▽

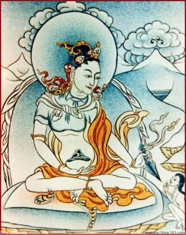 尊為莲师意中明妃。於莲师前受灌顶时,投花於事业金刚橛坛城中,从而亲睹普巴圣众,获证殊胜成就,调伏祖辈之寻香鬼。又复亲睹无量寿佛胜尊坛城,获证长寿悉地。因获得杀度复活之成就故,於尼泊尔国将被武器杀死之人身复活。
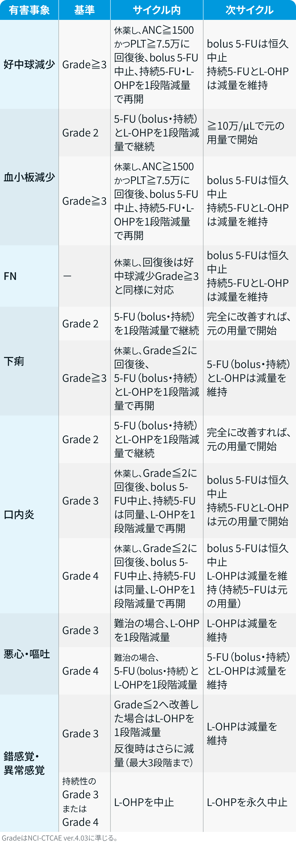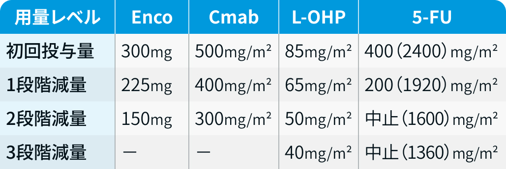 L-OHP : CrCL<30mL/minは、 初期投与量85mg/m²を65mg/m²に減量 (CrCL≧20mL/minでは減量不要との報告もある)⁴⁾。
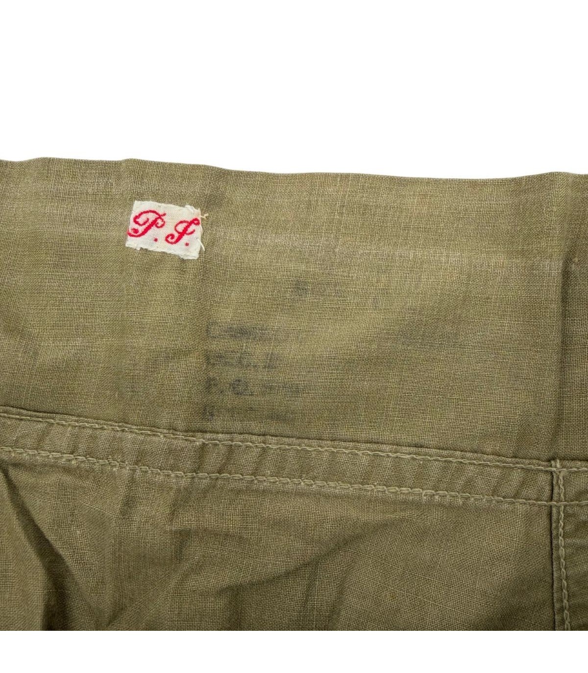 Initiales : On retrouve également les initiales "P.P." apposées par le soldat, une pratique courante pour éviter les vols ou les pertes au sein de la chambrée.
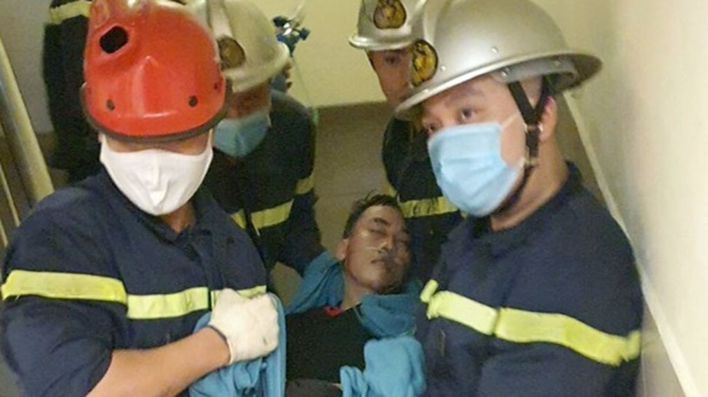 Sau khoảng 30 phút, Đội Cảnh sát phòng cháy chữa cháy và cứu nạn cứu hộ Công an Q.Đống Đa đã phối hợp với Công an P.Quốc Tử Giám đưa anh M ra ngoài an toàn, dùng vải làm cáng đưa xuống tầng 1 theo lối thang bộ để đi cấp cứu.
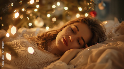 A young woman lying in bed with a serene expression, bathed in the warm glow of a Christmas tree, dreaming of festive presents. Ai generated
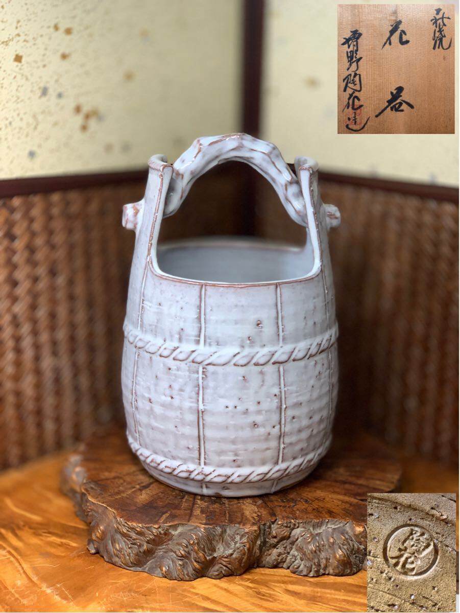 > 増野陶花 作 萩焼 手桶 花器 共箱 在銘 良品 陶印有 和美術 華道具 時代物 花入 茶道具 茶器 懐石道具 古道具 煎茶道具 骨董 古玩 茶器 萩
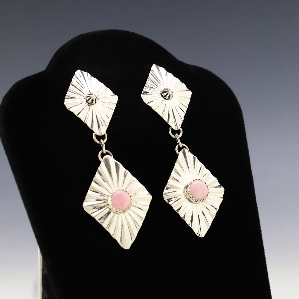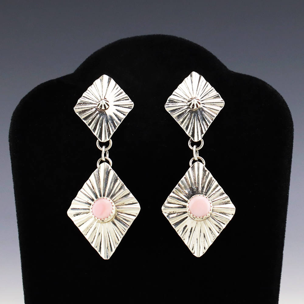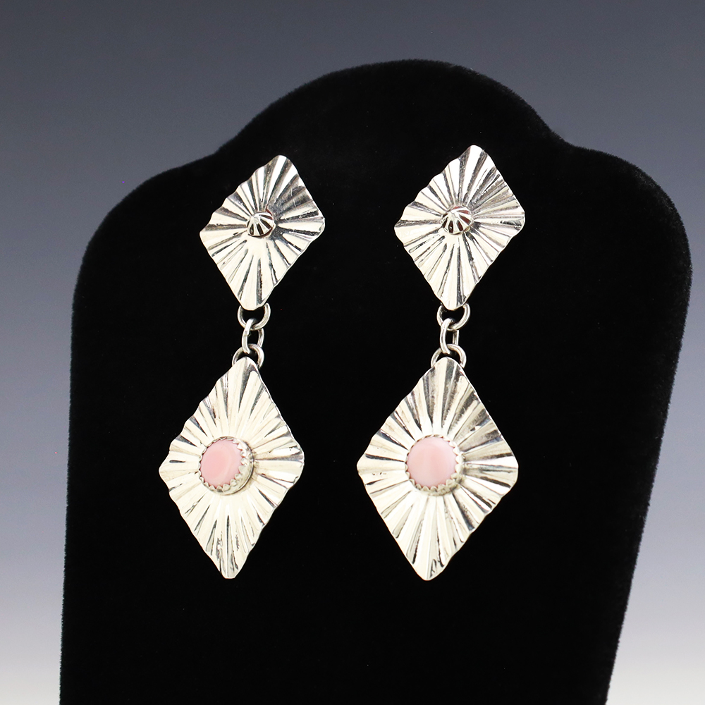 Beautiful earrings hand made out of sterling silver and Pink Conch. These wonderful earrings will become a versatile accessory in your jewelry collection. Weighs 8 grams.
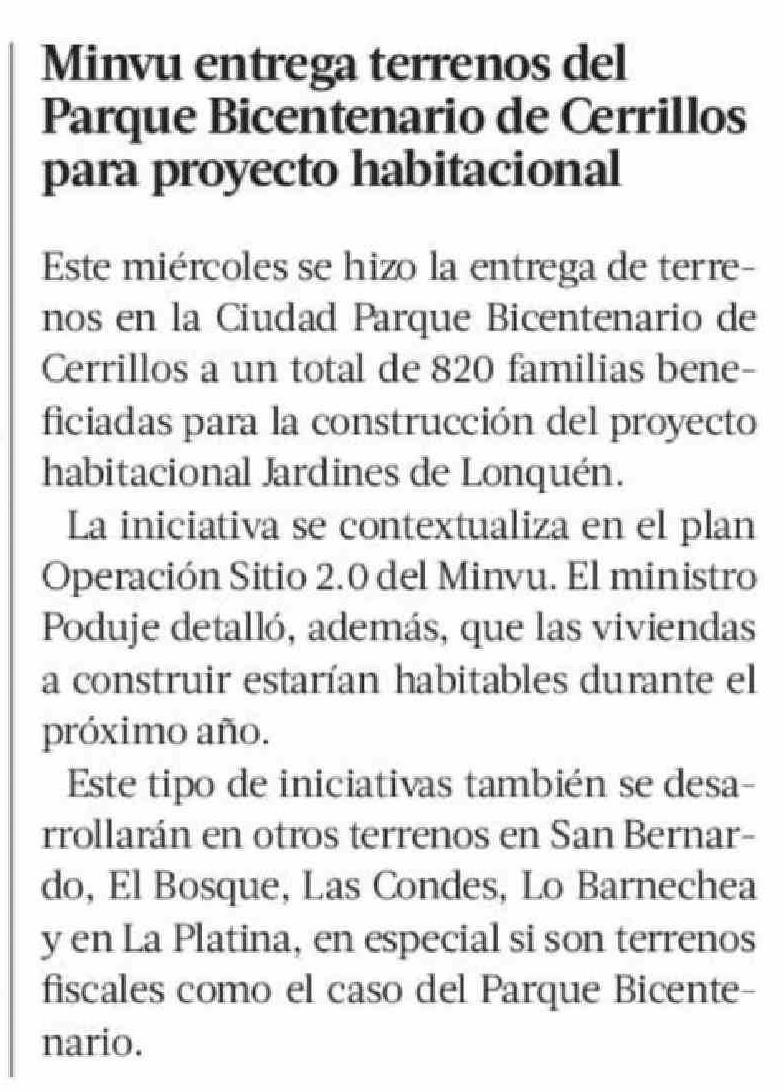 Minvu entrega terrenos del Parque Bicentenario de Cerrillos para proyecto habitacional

△

TASK REQUIREMENTS: Copy the data exactly. Any picture it contains is to be omitted.

TASK SOLUTION:
 尊為莲师意中明妃。於莲师前受灌顶时,投花於事业金刚橛坛城中,从而亲睹普巴圣众,获证殊胜成就,调伏祖辈之寻香鬼。又复亲睹无量寿佛胜尊坛城,获证长寿悉地。因获得杀度复活之成就故,於尼泊尔国将被武器杀死之人身复活。
 L-OHP : CrCL<30mL/minは、 初期投与量85mg/m²を65mg/m²に減量 (CrCL≧20mL/minでは減量不要との報告もある)⁴⁾。
 Initiales : On retrouve également les initiales "P.P." apposées par le soldat, une pratique courante pour éviter les vols ou les pertes au sein de la chambrée.
 Sau khoảng 30 phút, Đội Cảnh sát phòng cháy chữa cháy và cứu nạn cứu hộ Công an Q.Đống Đa đã phối hợp với Công an P.Quốc Tử Giám đưa anh M ra ngoài an toàn, dùng vải làm cáng đưa xuống tầng 1 theo lối thang bộ để đi cấp cứu.
 A young woman lying in bed with a serene expression, bathed in the warm glow of a Christmas tree, dreaming of festive presents. Ai generated
 > 増野陶花 作 萩焼 手桶 花器 共箱 在銘 良品 陶印有 和美術 華道具 時代物 花入 茶道具 茶器 懐石道具 古道具 煎茶道具 骨董 古玩 茶器 萩
 Beautiful earrings hand made out of sterling silver and Pink Conch. These wonderful earrings will become a versatile accessory in your jewelry collection. Weighs 8 grams.
 Minvu entrega terrenos del Parque Bicentenario de Cerrillos para proyecto habitacional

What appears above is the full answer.